A DEM/FFT approach to simulate the effective thermal conductivity of granular media

A numerical method to compute the Effective Thermal Conductivity (ETC) of granular media surrounded by a stagnant fluid is presented. Based on the geometry and size of grains, a Representative Volume Elements (RVE) of the granular media is created using the Discrete Element Method (DEM) while the ETC of this RVE is estimated with Fast Fourier Transform (FFT) computations. To bridge the gap between the DEM and the FFT, a discretization algorithm (voxelization of convex polyhedra) was developed.
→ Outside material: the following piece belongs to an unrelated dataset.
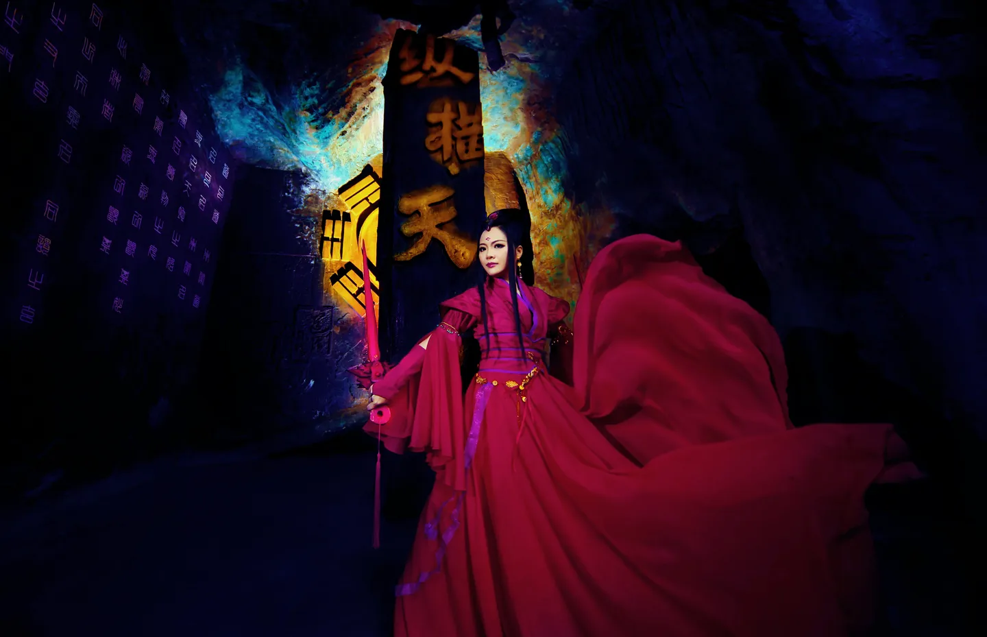 谢谢子南大人赐图。。。这张图真有气势,霸气侧漏!而且特别像是海报大片一样,背景色调变得华丽极了,纵横天下的柱子和石八卦都在发光的感觉,石壁上的篆体文书也很有画龙点睛的效果啊

Since their physical properties are poorly defined, "fuzzy" voxels associated with solid-gas interfaces or solid-solid contacts, domains inherent in a granular medium, are clearly identified during this step. The assignment of extreme properties to these voxels, assuming negligible radiation, allows to establish lower and upper ETC bounds. This methodology is applied to granular media of Uranium dioxide particles immersed in stagnant Helium; packed beds for which experimental data are available in the literature. First, the effect of RVE and discretization sizes on the simulated ETC are investigated and optimal values of RVE size and discretization ratio are defined. Next, the significant deviation of simulated DEM-FFT ETC bounds, observed at high solid to gas conductivity contrasts, exhibits the key role of interfaces on the computed ETCs. An improved modelling of solid-gas interfaces based on the Knudsen effect and a modelling correction for solid-solid interfaces is therefore proposed. The new modelling is shown to adequately bound and estimate the ETC of considered granular media at high (similar to 100) solid to gas thermal conductivity contrasts.